Sunday evening as we sat down to dinner, my daughter-in-law (dil) called sobbing; the dogs got out. She and my son (currently working on an oil rig-no lie, there’s still at least one working) have three furry children. One of them, Layla, is a rescue and extremely obedient. The other two came to them as puppies, are best friends, and trouble makers.

Woody, a two-year-old beagle, and Bo, an eight-month-old GIANT lab, made a break for it when she was taking them out for a walk. Bo was collarless for reasons I still don’t understand, but Woody was sporting his collar. Dil saw them take off down a busy street, Bo’s mouth pulled into a giant grin, ears whipping in the wind. She gave chase, but four legs – actually eight, I guess – are faster than two. She ran back to the house, grabbed her phone and frantically hit dial. We dropped everything and headed over. By we, I mean my husband, daughter, son-in-law (sil), and my seven-month-old granddaughter. Daughter and sil took their truck and hubs and I took the baby in my car. We spread out, searching all the neighborhoods near their home.

It was getting dark and hubs decided we should check to see if maybe the rascals ran home.
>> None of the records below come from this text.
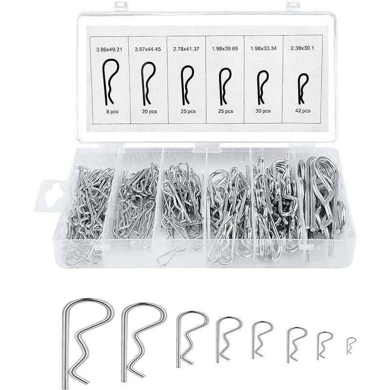 Contenuto: assortimento di 150 pezzi, 6 diverse dimensioni, in grado di soddisfare le tue diverse esigenze Realizzato in acciaio zincato, ha un'elevata durezza, resistenza all'usura, quindi è forte e durevole per una lunga durata La gamma Splint Set include una scatola richiudibile per evitarne la perdita al prossimo utilizzo. Usalo sulla tua auto, autocarro leggero, carro attrezzi, tosaerba, piccolo trattore e altro ancora;
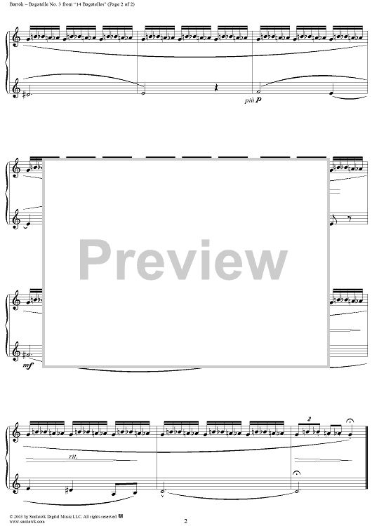 Digital Sheet Music for Bagatelle No. 3 "Andante" by Bela Bartok scored for Piano Solo; id:293702
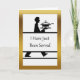 Müssen Sie bekannt geben, dass Ihre Scheidungspapiere angekommen sind? Schicken Sie diese einzigartige und lustige Grußkarte mit einem Kellner - Server mit einer großen Platte und Terine. "Ich bin gerade bedient worden ... und es war nicht Suppe!" Gruß auf der Karte. Schwarz-Weiß-Illustration mit goldfarbenem Rahmen. Art, Bild und Vers Copyright © Shoaff Ballanger Studios.
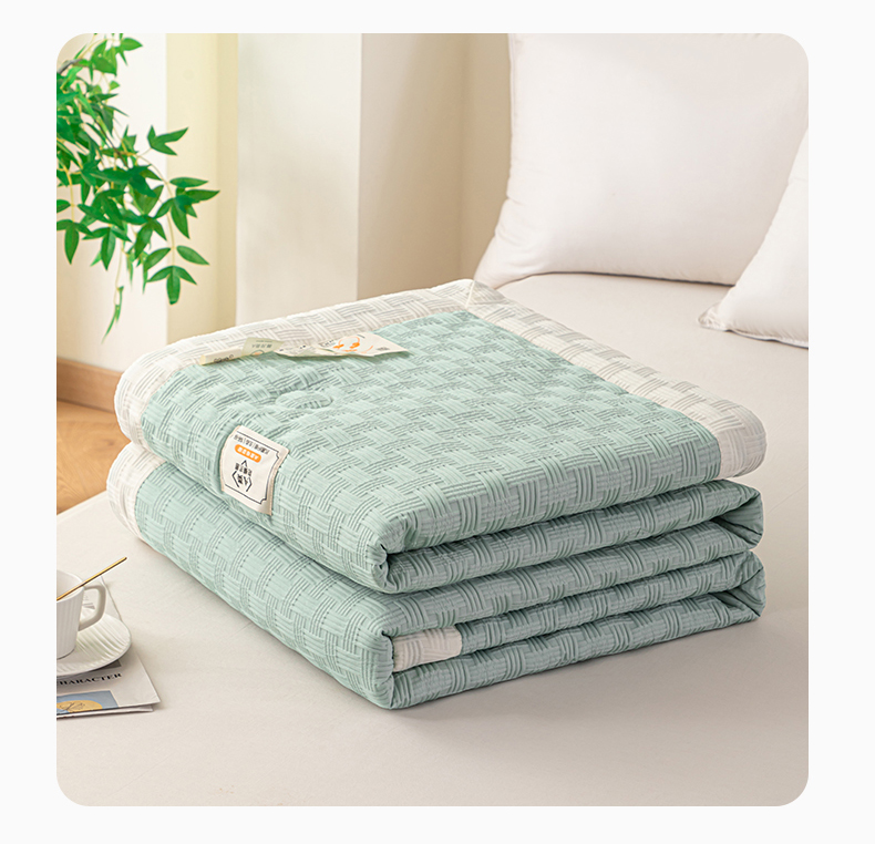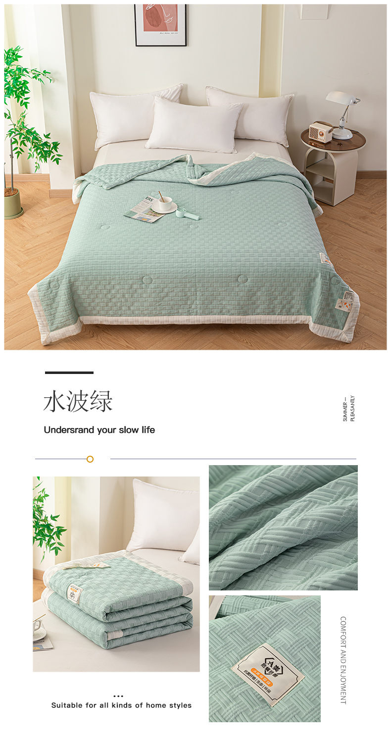 商品名称:江山被业 2025新款华夫格提花针织棉大豆纤维夏被 水波绿
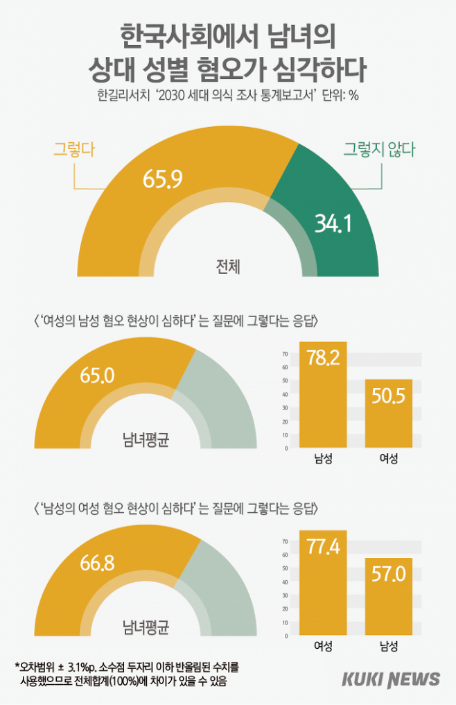 청년들이 한국 사회에 남성과 여성의 상대 성별에 대한 혐오(여성 혐오, 남성 혐오)가 ‘심각’한 수준이라고 평가했다. 여성 혐오(여혐)와 남성 혐오(남혐)가 젠더 갈등, 결혼 인식 등에도 영향

We pulled into the driveway, he got out of the car to check the backyard, and I got out of the car to check the front yard-the card was still running because we were planning on getting right back in. That’s when the week really went awry. We both closed our doors. And they locked. And the baby was in the car. It was like sloooow mooooootion…first the desperate pulling of the door handle, next the running to all doors and desperately pulling the handles, finally the realization that we locked the baby in the car. We managed to raise two children to adulthood and never one locked them in a car! How could this happen??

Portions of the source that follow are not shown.